Philip Köster stellte im Alter von 14 mit einem Sprung von 18 Metern einen Weltrekord auf © imago

Der Teenager verteidigt seinen Titel im Windsurfen und wandert auf den Spuren seines großen Idols Robby Naish.

Klitmöller - Gerade volljährig und schon zweimal Weltmeister:

Windsurfer Philip Köster hat erneut Sportgeschichte geschrieben und seinen WM-Titel erfolgreich verteidigt.

Eine Woche vor dem Weltcup-Finale auf Sylt zog der 18-Jährige im dänischen Klitmöller in den Endlauf ein und liegt dadurch in der Weltrangliste uneinholbar in Führung.

Bereits im vergangenen Jahr hatte sich Köster in Dänemark als erster Deutscher überhaupt die WM-Krone seines Sports gesichert.

"Es fühlt sich richtig gut an, den Titel verteidigt zu haben. Aber es war auch schwieriger als im letzten Jahr", sagte der gebürtige Hamburger.

Finale reicht zum WM-Titel

Dabei hatte es zunächst nicht danach ausgesehen, als könnte Köster erneut schon vorzeitig jubeln. Nach der Vorrunde in Klitmöller, in der Surferszene nur "Cold Hawaii" genannt, lag der Shootingstar nur auf Rang vier.

Doch mit Siegen gegen die Brasilianer Kauli Seadi und Ricardo Campello erreichte der Teenager das Halbfinale. Dort hatte der Weltranglisten-Zweite Victor Fernandez Lopez (Spanien) keine Chance gegen Köster.

Den Endlauf gegen den Franzosen Thomas Traversa verlor der junge Deutsche zwar, für die Titelvergabe spielte dies aber keine Rolle mehr.

Auf den Spuren von Robby Naish

Mit seinem zweiten Titel in Folge surft der Auswanderer-Sohn, der mit seinen Eltern in Vargas auf Gran Canaria lebt, weiter auf der Erfolgswelle.

Im Vorjahr hatte sich der damals 17-Jährige zum zweitjüngsten Weltmeister der Geschichte des Windsurf-Weltverbands PWA nach Robby Naish gekrönt.
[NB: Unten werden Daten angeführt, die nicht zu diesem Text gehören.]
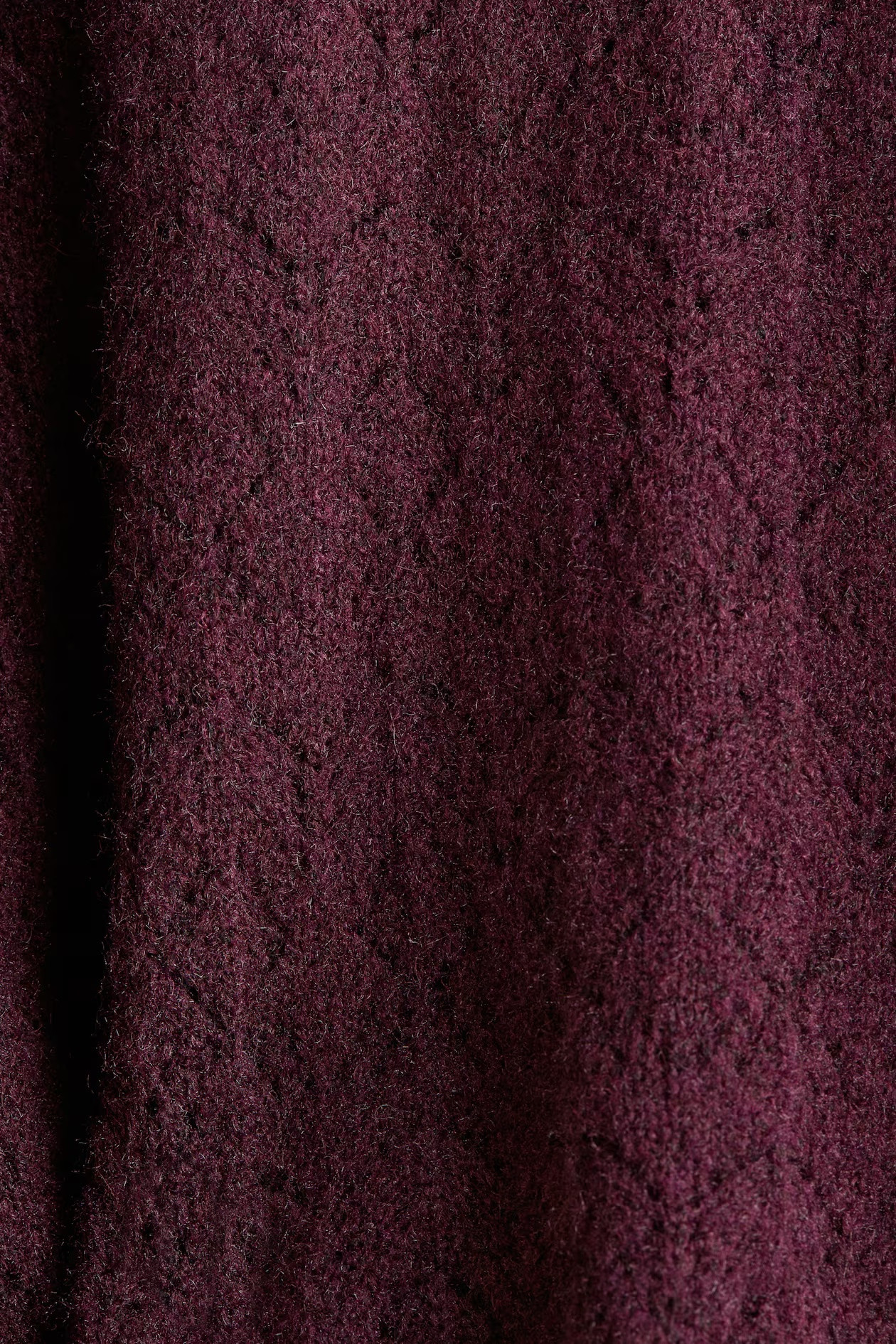 Short, figure-hugging sweater in soft pointelle knit with a scalloped round neckline. Long sleeves with scalloped cuffs and a ribbed flounce trim at the hem.
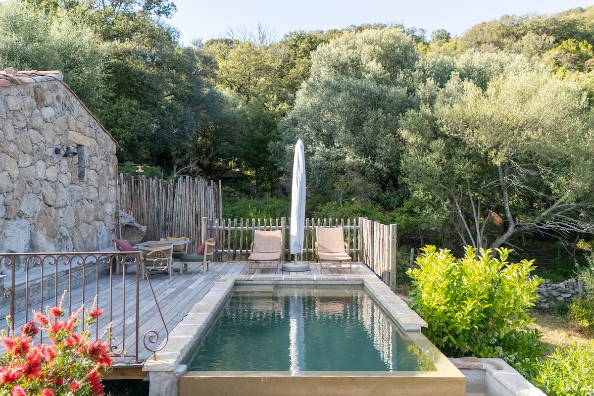 Vous êtes ici dans Sud de la Corse , entre le soleil, la mer et notre montagne! Prenez le temps de vous poser, de respirer l'air doux, de découvrir nos senteurs, d’écouter le chant des oiseaux …. Le caseddu n’est pas qu’une maison, c’est un refuge, un lieu où l'on se sent bien. Ici, le temps s’arrête et la vie bat au rythme de chez nous. Nous serions heureux de vous accueillir dans notre petit coin de paradis. Notre Piscine est chauffée et intégrée à la beauté naturelle du site. À très bientôt !
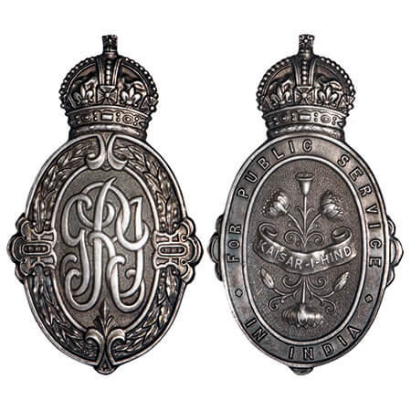 George V, Kaiser-i-Hind Medal, Silver, 26.41g, Obv: an oval badge surmounted by the imperial crown, the royal cypher set within a wreath, Rev: For Public Service in India around the edge, Kaisar-I-Hind (Emperor of India) on a scroll across the center against a floral background, 2nd Class, without ribbon and brooch bar.The medals were originally large but were changed to a smaller size during the reign of George V. (MYB 38). Toned Extremely Fine, Rare.
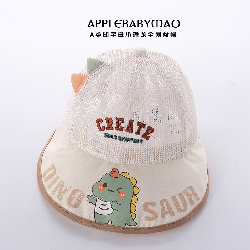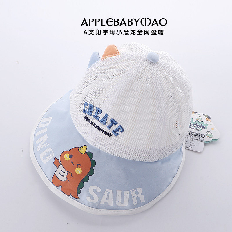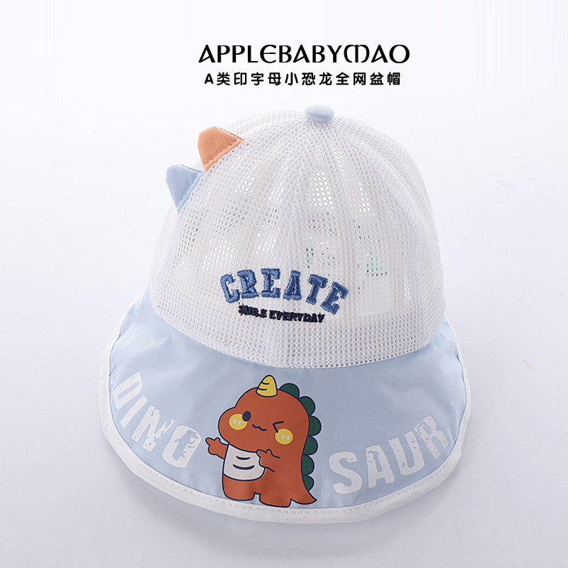 嘟嘟啦夏季男宝宝帽子可爱卡通恐龙外出透气防晒帽大帽檐遮阳凉帽
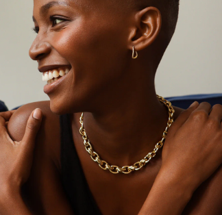• The newest chunky gold necklace from Betty and Biddy. Crossing oval links connect to give a luxe gold layering necklace.
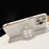 ホワイトデザインのiPhoneケースに、スクエアダイヤのスマホグリップで高級感◎
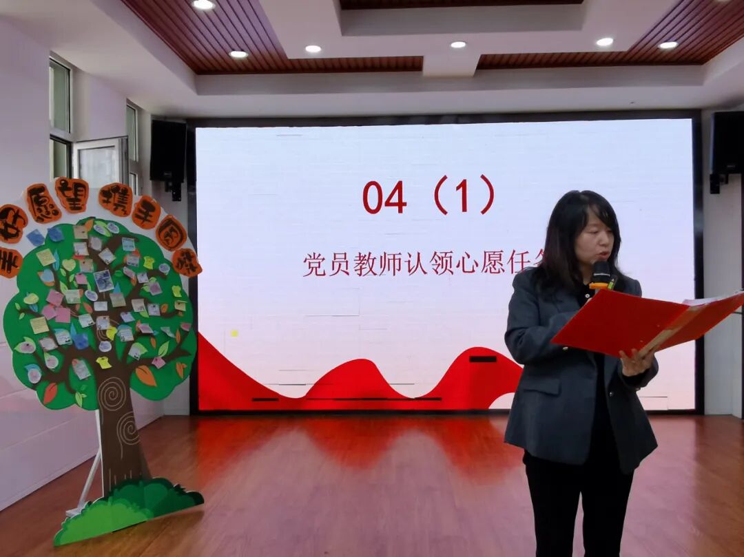 党员教师认领任务后,全体党员在邢书记的带领下,高举右拳庄严宣誓:“践行初心使命,助力师生成长!”铮铮誓言响彻会场,彰显着党员教师服务师生、推动成长的责任与担当。

Die Surf-Legende aus Kalifornien hatte im Alter von 13 Jahren den ersten seiner insgesamt 24 WM-Titel gewonnen.

Eltern reisen zu jedem Wettkampf

In einem Atemzug mit Naish genannt zu werden, ist für Köster immer noch etwas Besonderes. Der heute 49-Jährige ist das große Idol des deutschen Surf-Wunderkindes.

Dass er seinem Vorbild nacheifern kann, hat Köster vor allem seiner Familie zu verdanken, die ihn seit frühester Jugend unterstützt und seine Karriere behutsam aufgebaut hat.

Seine Heimat, die schroffe Felsenküste von Vargas, dient ihm dabei als Trainingszentrum und Zufluchtsort zugleich. Seine Eltern, die 1980 auf die spanische Insel auswanderten, begleiten ihren Sohn zu jedem Wettkampf und stehen ihm stets unterstützend zur Seite.

Saisonabschluss auf Sylt

Wie im Vorjahr darf Köster nun bei seinem "Heimspiel", dem Saisonfinale auf Sylt, den WM-Pokal vor heimischem Publikum in Empfang nehmen: "Damals jubelten mir Tausende zu, es war der schönste Moment in meinem Leben. Auf dieses Gänsehaut-Feeling freue ich mich heute schon."

Ein Sieg beim größten Windsurf-Event der Welt soll nun "die Krönung einer perfekten Saison" werden. Im vergangenen Jahr jubelten 230.000 Zuschauer den 121 Teilnehmern aus 31 Nationen zu.

Die würdige Bühne für den letzten Saisonauftritt eines Weltmeisters.